We do not own or host any of the datasets which we use for this benchmark.
We only offer refer to existing dataset that we believe we are free to redistribute. If any doubt occurs about the legality of any of our file downloads we will take them off right away after contacting us.

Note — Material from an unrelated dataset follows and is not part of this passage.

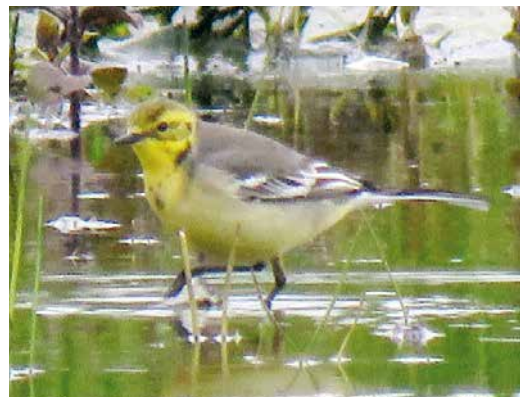
387 Kleine Klapekster / Lesser Grey Shrike Lanius minor , mannetje, Grijpskerk, Groningen, 18 juni 2019 (Kees Bode) 388 Balearische Roodkopklauwier / Balearic Woodchat Shrike Lanius senator badius , tweede-kalenderjaar, Praamweg, Oostvaardersplassen, Flevoland, 14 juni 2019 (Co van der Wardt) 389 Bonte Tapuit / Pied Wheatear Oenanthe pleschanka , mannetje, Noordoosthoek, Vlieland, Friesland, 16 juni 2019 (Durk Lautenbag) 390 Iberische Tjiftjaf / Iberian Chiffchaff Phylloscopus ibericus , Houten, Utrecht, 10 mei 2019 (Julian Bosch) 391 Withalsvliegenvanger / Collared Flycatcher Ficedula albicollis , vrouwtje, Julianadorp, Noord-Holland, 20 mei 2019 (Gerrit Welgraven) 392 Citroenkwikstaart / Citrine Wagtail Motacilla citreola , vrouwtje, Lentevreugd, Wassenaar, Zuid-Holland, 20 mei 2019 (Arjan Portengen)

Notice and take down policy

Notice: Should you consider that data used by the dataset contains material that is owned by you and should therefore not be reproduced here, please: Clearly identify yourself, with detailed contact data such as an address, telephone number or email address at which you can be contacted.
Clearly identify the copyrighted work claimed to be infringed.
Clearly identify the material that is claimed to be infringing and information reasonably sufficient to allow us to locate the material.
And contact the 'Scandinavian Embedding Benchmark' at the following ticket service: https://frontoffice.chcaa.au.dk/hc/en-us/requests/new

We will comply to legitimate requests by removing the affected sources from the next release of the benchmark.